What is expected: Images are to be excluded from the copy, and the records below reproduced word for word.

-- Opening Marker --

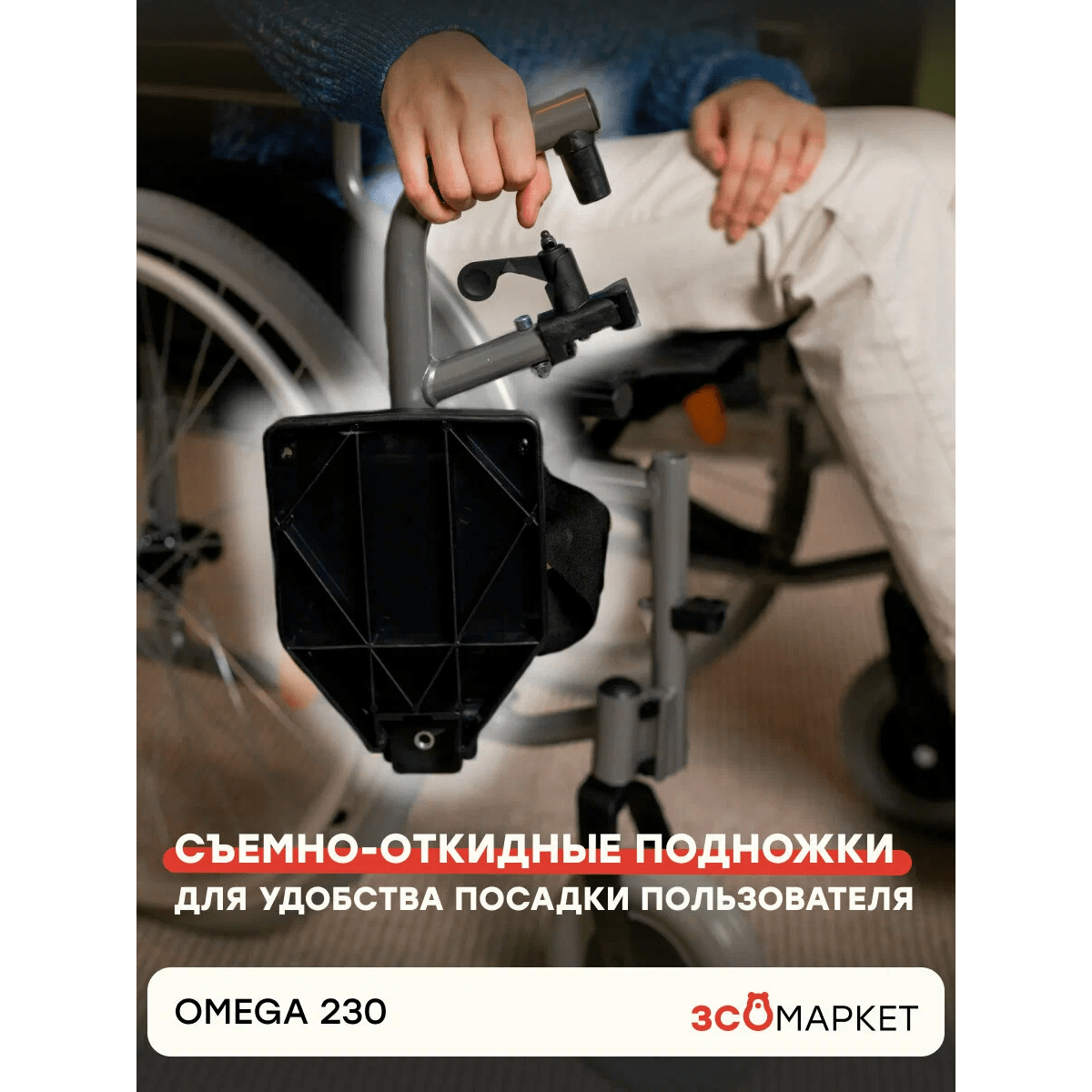 Коляска легко адаптируется под пользователя: подлокотники можно откинуть или снять, они оснащены мягкой опорой и боковой защитой. Подножки регулируются по высоте, снимаются или откидываются, что упрощает пересаживание и делает коляску компактнее при транспортировке.
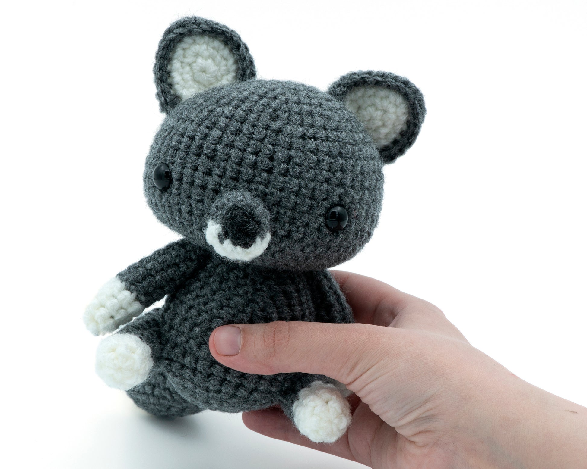 If the recommended size yarn and hook are used this crochet wolf will be approximately 13.9 cm (5.5 inches) tall by 10.1 cm (4 inches) wide.
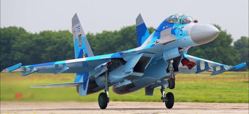 Українські винищувачі Су-27 бомбардують російські військові об’єкти КАБами.
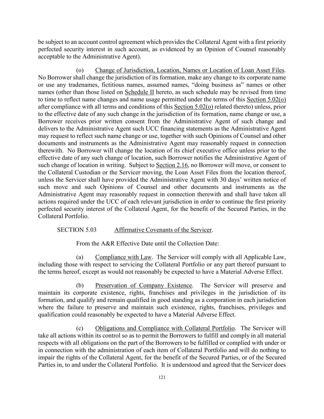 121 be subject to an account control agreement which provides the Collateral Agent with a first priority perfected security interest in such account, as evidenced by an Opinion of Counsel reasonably acceptable to the Administrative Agent). (o) Change of Jurisdiction, Location, Names or Location of Loan Asset Files. No Borrower shall change the jurisdiction of its formation, make any change to its corporate name or use any tradenames, fictitious names, assumed names, “doing business as” names or other names (other than those listed on Schedule II hereto, as such schedule may be revised from time to time to reflect name changes and name usage permitted under the terms of this Section 5.02(o) after compliance with all terms and conditions of this Section 5.02(o) related thereto) unless, prior to the effective date of any such change in the jurisdiction of its formation, name change or use, a Borrower receives prior written consent from the Administrative Agent of such change and delivers to the Administrative Agent such UCC financing statements as the Administrative Agent may request to reflect such name change or use, together with such Opinions of Counsel and other documents and instruments as the Administrative Agent may reasonably request in connection therewith. No Borrower will change the location of its chief executive office unless prior to the effective date of any such change of location, such Borrower notifies the Administrative Agent of such change of location in writing. Subject to Section 2.16, no Borrower will move, or consent to the Collateral Custodian or the Servicer moving, the Loan Asset Files from the location thereof, unless the Servicer shall have provided the Administrative Agent with 30 days’ written notice of such move and such Opinions of Counsel and other documents and instruments as the Administrative Agent may reasonably request in connection therewith and shall have taken all actions required under the UCC of each relevant jurisdiction in order to continue the first priority perfected security interest of the Collateral Agent, for the benefit of the Secured Parties, in the Collateral Portfolio. SECTION 5.03 Affirmative Covenants of the Servicer. From the A&R Effective Date until the Collection Date: (a) Compliance with Law. The Servicer will comply with all Applicable Law, including those with respect to servicing the Collateral Portfolio or any part thereof pursuant to the terms hereof, except as would not reasonably be expected to have a Material Adverse Effect. (b) Preservation of Company Existence. The Servicer will preserve and maintain its corporate existence, rights, franchises and privileges in the jurisdiction of its formation, and qualify and remain qualified in good standing as a corporation in each jurisdiction where the failure to preserve and maintain such existence, rights, franchises, privileges and qualification could reasonably be expected to have a Material Adverse Effect. (c) Obligations and Compliance with Collateral Portfolio. The Servicer will take all actions within its control so as to permit the Borrowers to fulfill and comply in all material respects with all obligations on the part of the Borrowers to be fulfilled or complied with under or in connection with the administration of each item of Collateral Portfolio and will do nothing to impair the rights of the Collateral Agent, for the benefit of the Secured Parties, or of the Secured Parties in, to and under the Collateral Portfolio. It is understood and agreed that the Servicer does
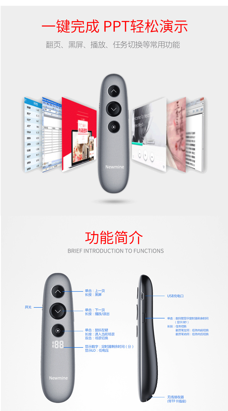 商品名称:纽曼(Newmine) J100 翻页激光笔 PPT演讲笔演示器 适合LED液晶屏幕布遥控笔
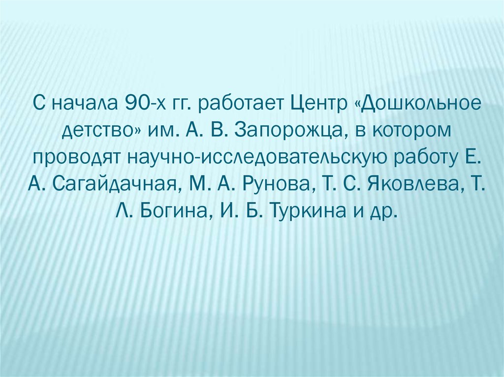 С начала 90-х гг. работает Центр «Дошкольноедетство» им. А. В. Запорожца, в котором
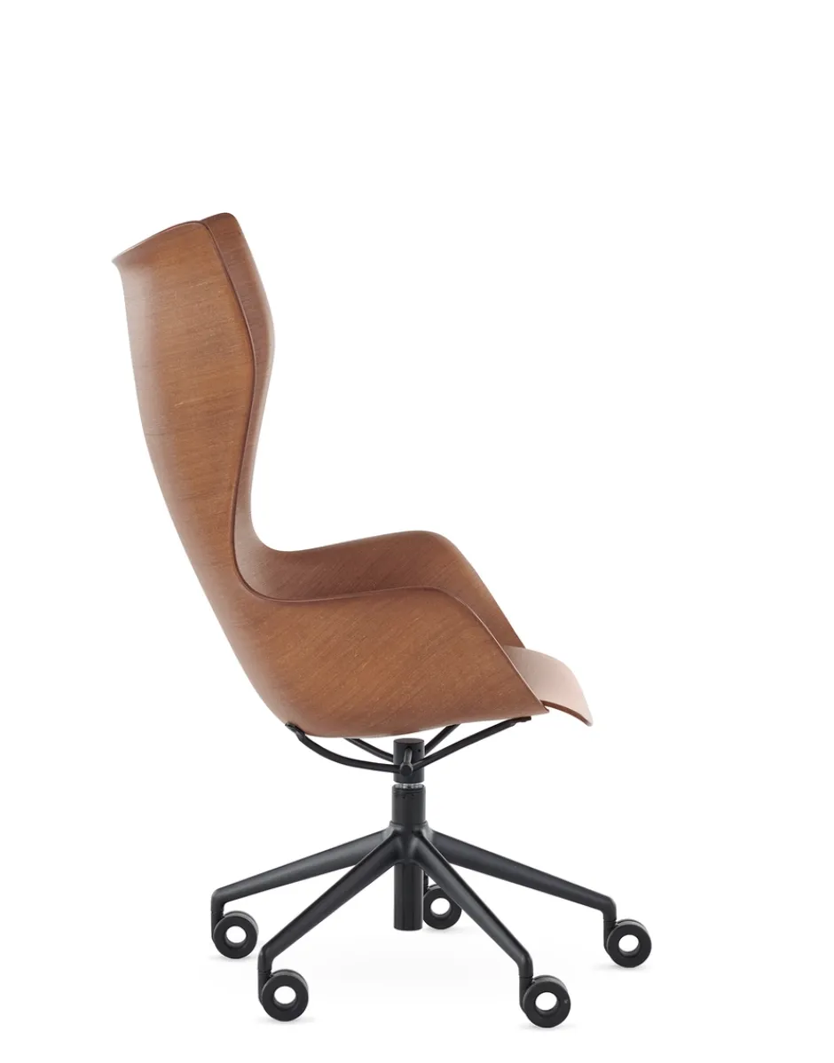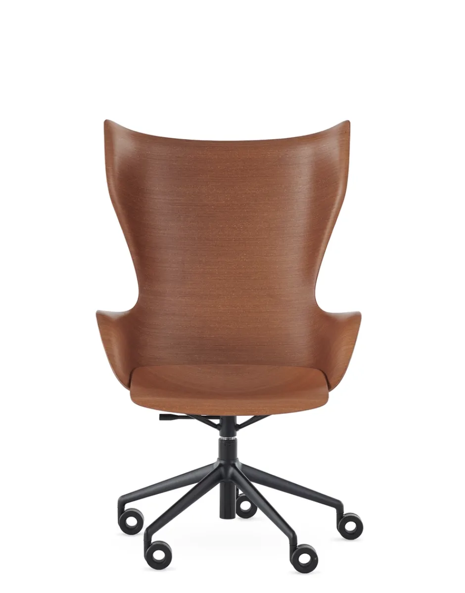 K/Wood è la poltrona che porta con sé un’eleganza regale, anche nella sua nuova variante dotata di ruote. Questa poltrona incarna lo stile e la raffinatezza dei mobili reali, aggiungendo un tocco di nobiltà e distinzione a qualsiasi ambiente in cui è collocata. Con le sue ruote, K/Wood diventa ancora più versatile e funzionale, consentendo di spostarsi con facilità all’interno dello spazio. Che sia utilizzata in un salotto, in uno studio o in una sala riunioni, questa poltrona si distingue per la sua presenza maestosa e per il suo comfort avvolgente. Struttura in acciaio verniciato o cromato disponibile nelle versioni Basic Veneer legno chiaro/cromo, legno scuro/cromo, legno scuro/nero.
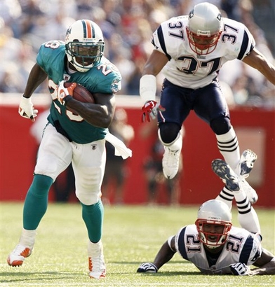 Miami Dolphins running back Ronnie Brown runs for a 62-yard touchdown past New England Patriots' Deltha O'Neal (21) and Rodney Harrison during the fourth quarter of the Dolphins' 38-13 win in an NFL football game at Gillette Stadium in Foxborough, Mass., Sunday, Sept. 21, 2008. Brown ran for 113 yards and four touchdowns and threw for another touchdown.(AP) |
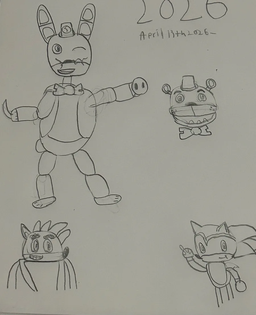 Here’s some sketches for my sona, Freddy, Sonic & Crash.

-- Closing Marker --

Answer:
 Коляска легко адаптируется под пользователя: подлокотники можно откинуть или снять, они оснащены мягкой опорой и боковой защитой. Подножки регулируются по высоте, снимаются или откидываются, что упрощает пересаживание и делает коляску компактнее при транспортировке.
 If the recommended size yarn and hook are used this crochet wolf will be approximately 13.9 cm (5.5 inches) tall by 10.1 cm (4 inches) wide.
 Українські винищувачі Су-27 бомбардують російські військові об’єкти КАБами.
 121 be subject to an account control agreement which provides the Collateral Agent with a first priority perfected security interest in such account, as evidenced by an Opinion of Counsel reasonably acceptable to the Administrative Agent). (o) Change of Jurisdiction, Location, Names or Location of Loan Asset Files. No Borrower shall change the jurisdiction of its formation, make any change to its corporate name or use any tradenames, fictitious names, assumed names, “doing business as” names or other names (other than those listed on Schedule II hereto, as such schedule may be revised from time to time to reflect name changes and name usage permitted under the terms of this Section 5.02(o) after compliance with all terms and conditions of this Section 5.02(o) related thereto) unless, prior to the effective date of any such change in the jurisdiction of its formation, name change or use, a Borrower receives prior written consent from the Administrative Agent of such change and delivers to the Administrative Agent such UCC financing statements as the Administrative Agent may request to reflect such name change or use, together with such Opinions of Counsel and other documents and instruments as the Administrative Agent may reasonably request in connection therewith. No Borrower will change the location of its chief executive office unless prior to the effective date of any such change of location, such Borrower notifies the Administrative Agent of such change of location in writing. Subject to Section 2.16, no Borrower will move, or consent to the Collateral Custodian or the Servicer moving, the Loan Asset Files from the location thereof, unless the Servicer shall have provided the Administrative Agent with 30 days’ written notice of such move and such Opinions of Counsel and other documents and instruments as the Administrative Agent may reasonably request in connection therewith and shall have taken all actions required under the UCC of each relevant jurisdiction in order to continue the first priority perfected security interest of the Collateral Agent, for the benefit of the Secured Parties, in the Collateral Portfolio. SECTION 5.03 Affirmative Covenants of the Servicer. From the A&R Effective Date until the Collection Date: (a) Compliance with Law. The Servicer will comply with all Applicable Law, including those with respect to servicing the Collateral Portfolio or any part thereof pursuant to the terms hereof, except as would not reasonably be expected to have a Material Adverse Effect. (b) Preservation of Company Existence. The Servicer will preserve and maintain its corporate existence, rights, franchises and privileges in the jurisdiction of its formation, and qualify and remain qualified in good standing as a corporation in each jurisdiction where the failure to preserve and maintain such existence, rights, franchises, privileges and qualification could reasonably be expected to have a Material Adverse Effect. (c) Obligations and Compliance with Collateral Portfolio. The Servicer will take all actions within its control so as to permit the Borrowers to fulfill and comply in all material respects with all obligations on the part of the Borrowers to be fulfilled or complied with under or in connection with the administration of each item of Collateral Portfolio and will do nothing to impair the rights of the Collateral Agent, for the benefit of the Secured Parties, or of the Secured Parties in, to and under the Collateral Portfolio. It is understood and agreed that the Servicer does
 商品名称:纽曼(Newmine) J100 翻页激光笔 PPT演讲笔演示器 适合LED液晶屏幕布遥控笔
 С начала 90-х гг. работает Центр «Дошкольноедетство» им. А. В. Запорожца, в котором
 K/Wood è la poltrona che porta con sé un’eleganza regale, anche nella sua nuova variante dotata di ruote. Questa poltrona incarna lo stile e la raffinatezza dei mobili reali, aggiungendo un tocco di nobiltà e distinzione a qualsiasi ambiente in cui è collocata. Con le sue ruote, K/Wood diventa ancora più versatile e funzionale, consentendo di spostarsi con facilità all’interno dello spazio. Che sia utilizzata in un salotto, in uno studio o in una sala riunioni, questa poltrona si distingue per la sua presenza maestosa e per il suo comfort avvolgente. Struttura in acciaio verniciato o cromato disponibile nelle versioni Basic Veneer legno chiaro/cromo, legno scuro/cromo, legno scuro/nero.
 Miami Dolphins running back Ronnie Brown runs for a 62-yard touchdown past New England Patriots' Deltha O'Neal (21) and Rodney Harrison during the fourth quarter of the Dolphins' 38-13 win in an NFL football game at Gillette Stadium in Foxborough, Mass., Sunday, Sept. 21, 2008. Brown ran for 113 yards and four touchdowns and threw for another touchdown.(AP) |
 Here’s some sketches for my sona, Freddy, Sonic & Crash.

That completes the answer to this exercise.